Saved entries
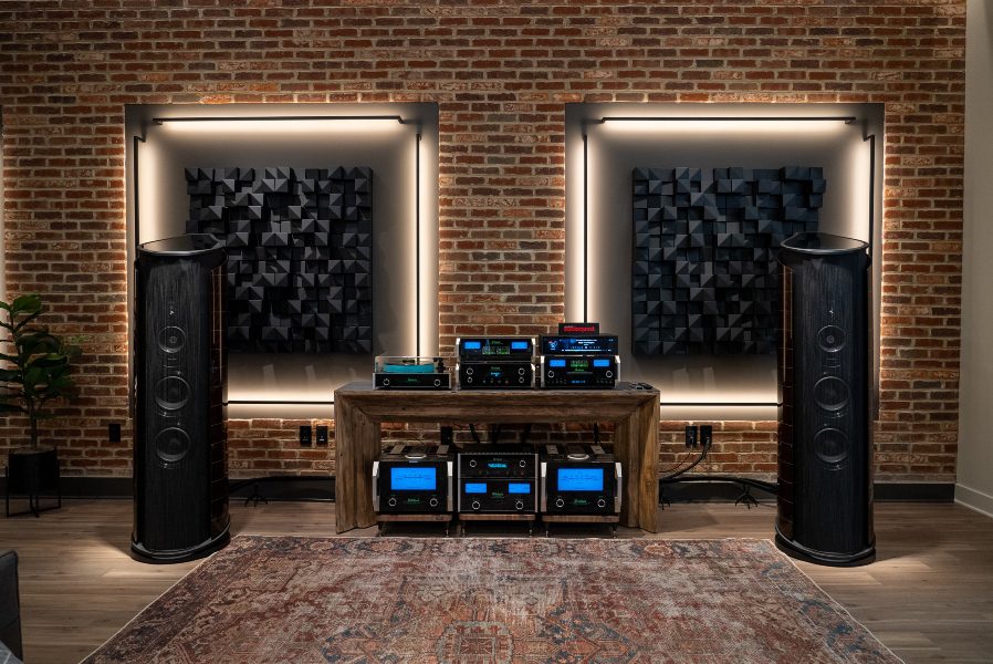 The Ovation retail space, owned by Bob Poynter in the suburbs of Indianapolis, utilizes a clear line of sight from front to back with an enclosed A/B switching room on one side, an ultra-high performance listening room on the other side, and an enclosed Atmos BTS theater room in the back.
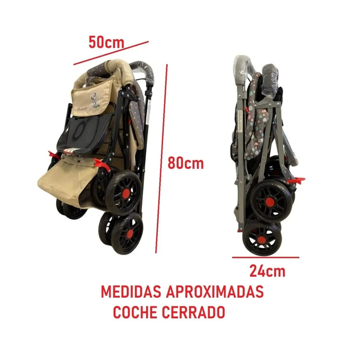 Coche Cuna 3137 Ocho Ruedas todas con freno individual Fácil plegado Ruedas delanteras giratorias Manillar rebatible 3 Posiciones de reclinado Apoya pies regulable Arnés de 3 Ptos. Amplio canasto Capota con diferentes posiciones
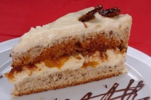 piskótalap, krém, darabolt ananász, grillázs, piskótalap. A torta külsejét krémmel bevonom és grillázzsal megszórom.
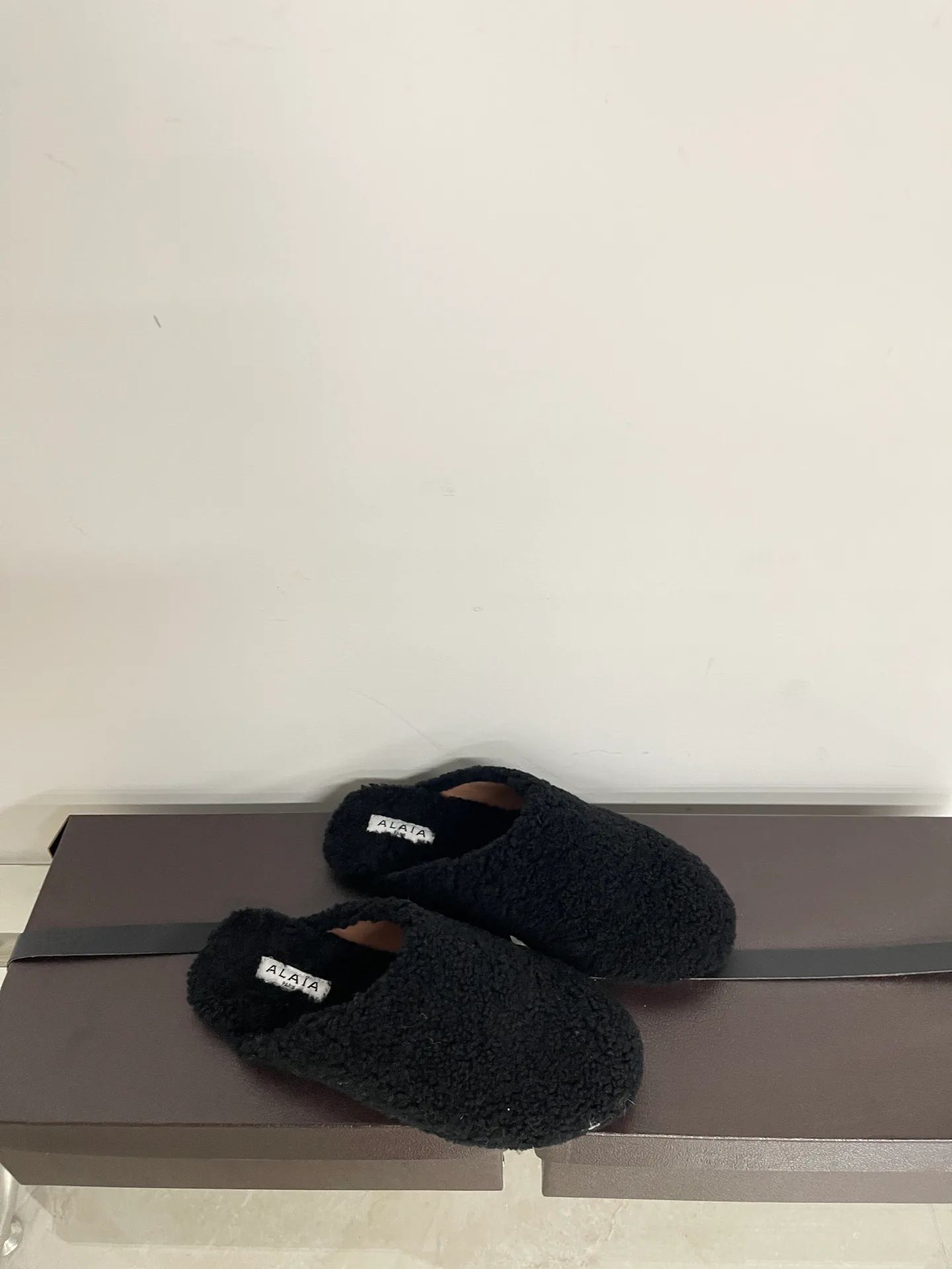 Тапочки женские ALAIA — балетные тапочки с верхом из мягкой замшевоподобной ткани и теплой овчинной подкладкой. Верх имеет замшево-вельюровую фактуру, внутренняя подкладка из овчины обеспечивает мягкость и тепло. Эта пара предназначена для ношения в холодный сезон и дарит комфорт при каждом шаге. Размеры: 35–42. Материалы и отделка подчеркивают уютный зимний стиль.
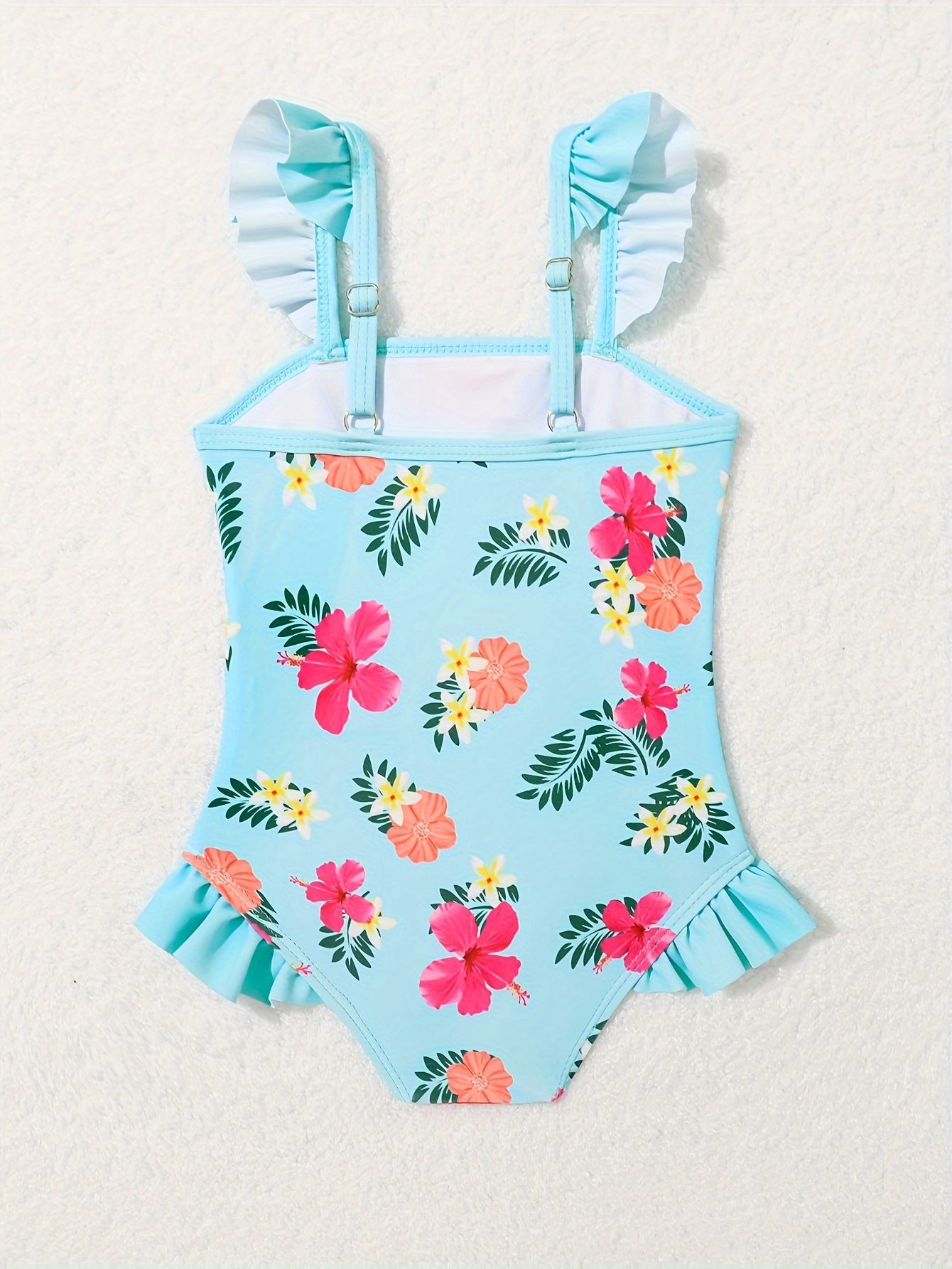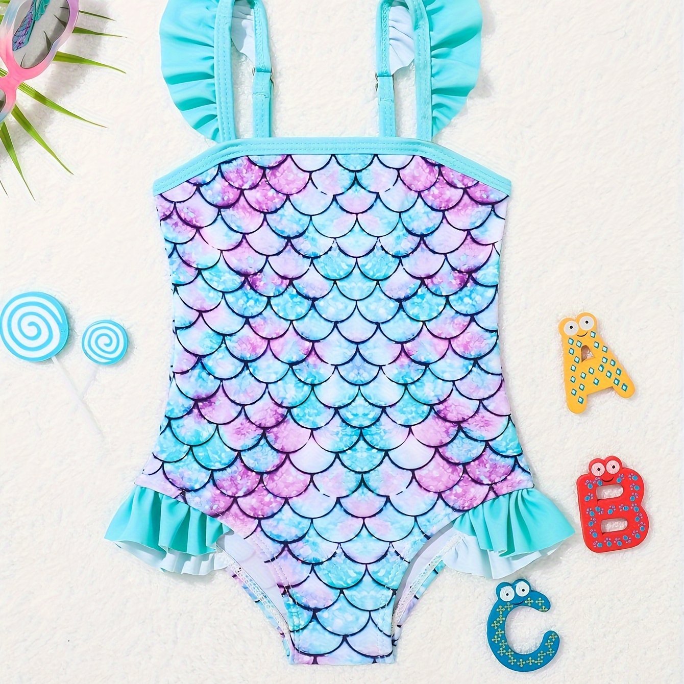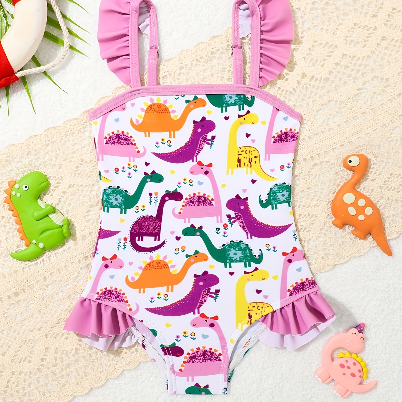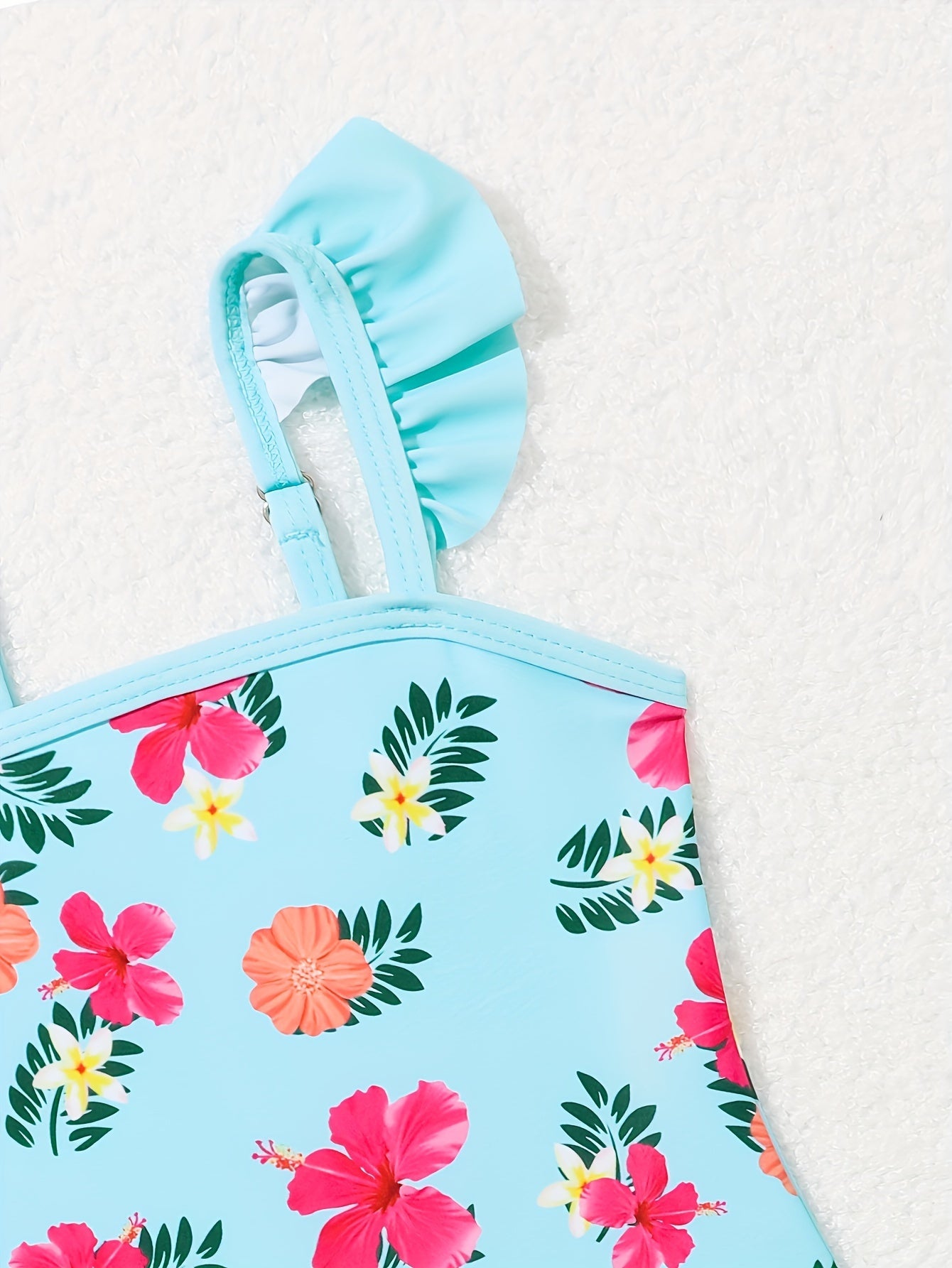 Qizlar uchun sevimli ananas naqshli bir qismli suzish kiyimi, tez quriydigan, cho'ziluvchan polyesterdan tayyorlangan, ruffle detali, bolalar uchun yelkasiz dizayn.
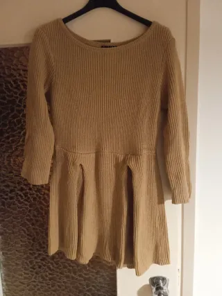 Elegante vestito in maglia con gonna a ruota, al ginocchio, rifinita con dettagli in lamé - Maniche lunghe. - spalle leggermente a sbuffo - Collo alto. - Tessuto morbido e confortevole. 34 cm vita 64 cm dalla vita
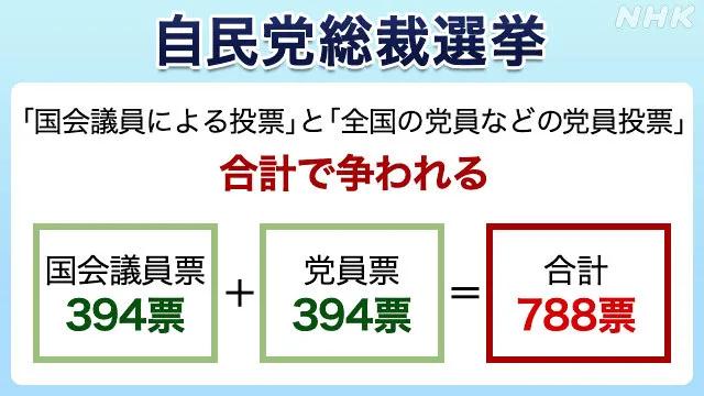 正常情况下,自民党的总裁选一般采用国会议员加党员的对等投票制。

TASK ITEM: Without the pictures, return the records above exactly as written.

SOLUTION FOR THIS TASK:
 The Ovation retail space, owned by Bob Poynter in the suburbs of Indianapolis, utilizes a clear line of sight from front to back with an enclosed A/B switching room on one side, an ultra-high performance listening room on the other side, and an enclosed Atmos BTS theater room in the back.
 Coche Cuna 3137 Ocho Ruedas todas con freno individual Fácil plegado Ruedas delanteras giratorias Manillar rebatible 3 Posiciones de reclinado Apoya pies regulable Arnés de 3 Ptos. Amplio canasto Capota con diferentes posiciones
 piskótalap, krém, darabolt ananász, grillázs, piskótalap. A torta külsejét krémmel bevonom és grillázzsal megszórom.
 Тапочки женские ALAIA — балетные тапочки с верхом из мягкой замшевоподобной ткани и теплой овчинной подкладкой. Верх имеет замшево-вельюровую фактуру, внутренняя подкладка из овчины обеспечивает мягкость и тепло. Эта пара предназначена для ношения в холодный сезон и дарит комфорт при каждом шаге. Размеры: 35–42. Материалы и отделка подчеркивают уютный зимний стиль.
 Qizlar uchun sevimli ananas naqshli bir qismli suzish kiyimi, tez quriydigan, cho'ziluvchan polyesterdan tayyorlangan, ruffle detali, bolalar uchun yelkasiz dizayn.
 Elegante vestito in maglia con gonna a ruota, al ginocchio, rifinita con dettagli in lamé - Maniche lunghe. - spalle leggermente a sbuffo - Collo alto. - Tessuto morbido e confortevole. 34 cm vita 64 cm dalla vita
 正常情况下,自民党的总裁选一般采用国会议员加党员的对等投票制。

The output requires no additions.